====== PROVIDED DATA

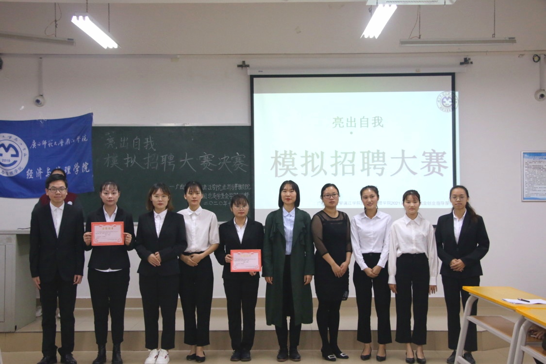为了提高毕业生就业意识,提供一个学习职场知识、锻炼职场能力的舞台,11月17日,经济与管理学院在1506教室举行“亮出自我——模拟招聘大赛”决赛。学院党总支副书记韩磊,辅导员王海玲、许莹、贺春先、郝环一参加此次活动并担任评委。
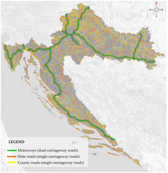 On the other hand, a “state road” is a public road that connects the entire territory of the Republic of Croatia and links it to the network of major European roads. A “county road” is a public road that connects the area of one or more counties [40]. The total length of state roads in Croatia is approximately 7307 km, and the total length of county roads is 9371 km [42]. State roads and county roads in Croatia differ primarily in their functional importance, design standards, and maintenance levels. State roads are classified as part of the national road network, and serve a critical role in connecting major cities, regions, and international borders. As such, they are generally subject to higher maintenance standards, featuring better quality pavement surfaces, higher retroreflective horizontal and vertical signage, and enhanced road safety equipment, such as guardrails. These roads are designed to accommodate higher traffic volumes and more diverse vehicle types, including heavy goods vehicles, and are typically prioritized in infrastructure planning and investment. By contrast, county roads primarily serve to connect smaller towns, municipalities, and local administrative areas. They are often characterized by lower design standards and are less frequently maintained, which may result in poorer pavement quality and reduced visibility or completeness of traffic signage and safety features.
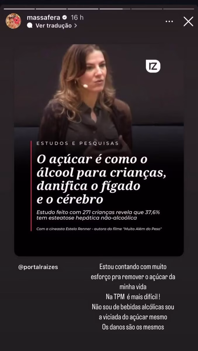 “Estou contando com muito esforço para remover o açúcar da minha vida”, escreveu a atriz. Em seguida, compartilhou uma frase dizendo que “o açúcar é como álcool para as crianças, danifica o fígado e o cérebro”.
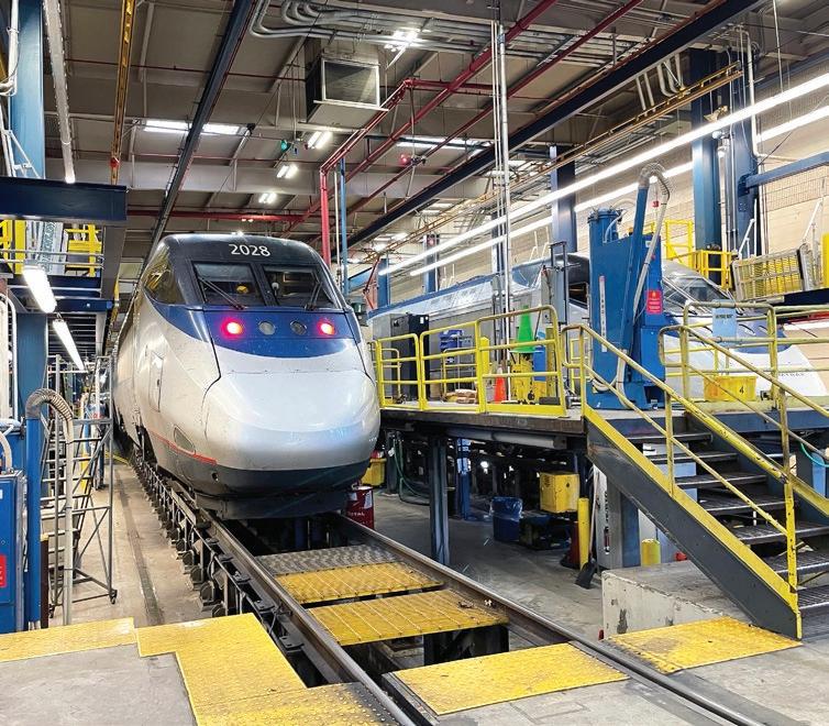 The expanded facility accommodates all associated power and overhead catenary system modifications, a 50-ton Macton drop table and crane equipment for change-outs, and repair and storage of Acela trucks and wheel sets.
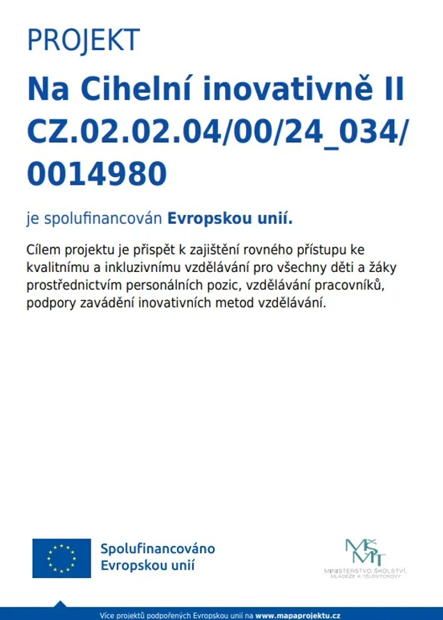 Projekt byl zahájen 1.9.2025 a jeho rozpočet je 1 669 000 Kč. Inovujeme vzdělávání, doučujeme se a financujeme pracovní pozice.
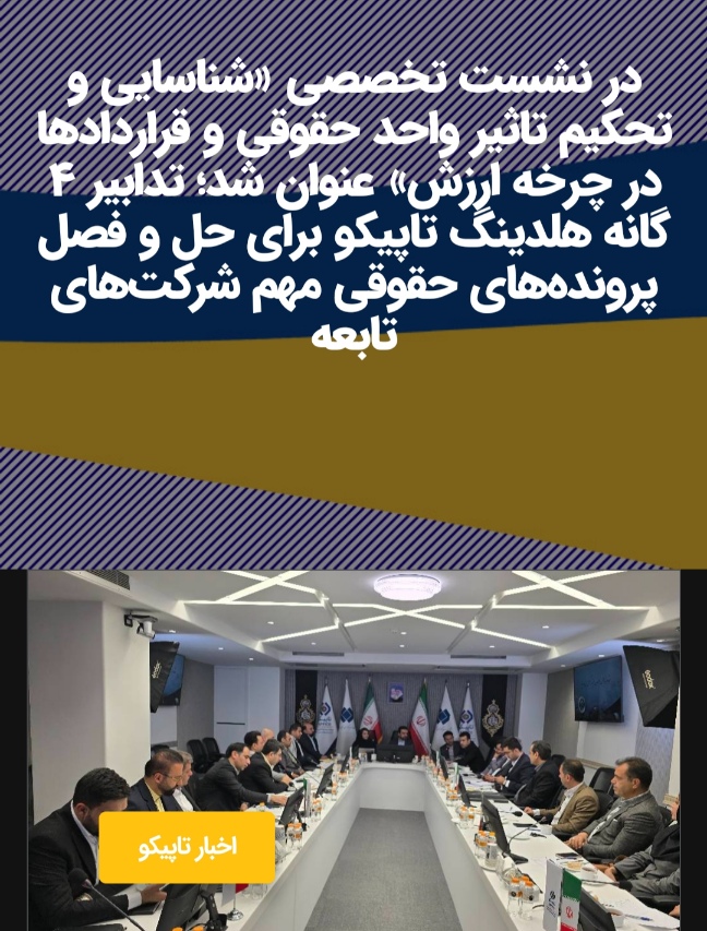 در نشست تخصصی «شناسایی و تحکیم تاثیر واحد حقوقی و قراردادها در چرخه ارزش» عنوان شد؛ تدابیر ۴ گانه هلدینگ تاپیکو برای حل و فصل پروندههای حقوقی مهم شرکتهای تابعه
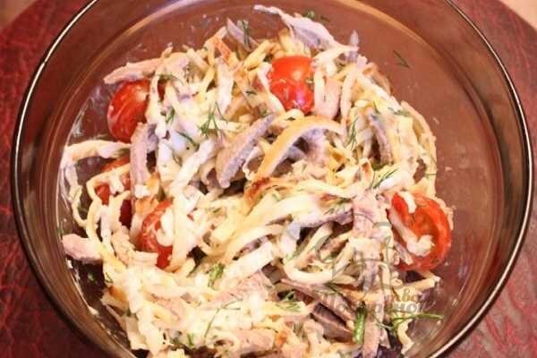 Как готовить теплый грузинский салат с говяжьей колбасой самостоятельно

============

_TASK DETAILS_: In the records above, locate the line containing "The expanded facility", then copy exactly that line and every line after it through the end, omitting pictures.

_RESULT OF THE EXERCISE_:
 The expanded facility accommodates all associated power and overhead catenary system modifications, a 50-ton Macton drop table and crane equipment for change-outs, and repair and storage of Acela trucks and wheel sets.
 Projekt byl zahájen 1.9.2025 a jeho rozpočet je 1 669 000 Kč. Inovujeme vzdělávání, doučujeme se a financujeme pracovní pozice.
 در نشست تخصصی «شناسایی و تحکیم تاثیر واحد حقوقی و قراردادها در چرخه ارزش» عنوان شد؛ تدابیر ۴ گانه هلدینگ تاپیکو برای حل و فصل پروندههای حقوقی مهم شرکتهای تابعه
 Как готовить теплый грузинский салат с говяжьей колбасой самостоятельно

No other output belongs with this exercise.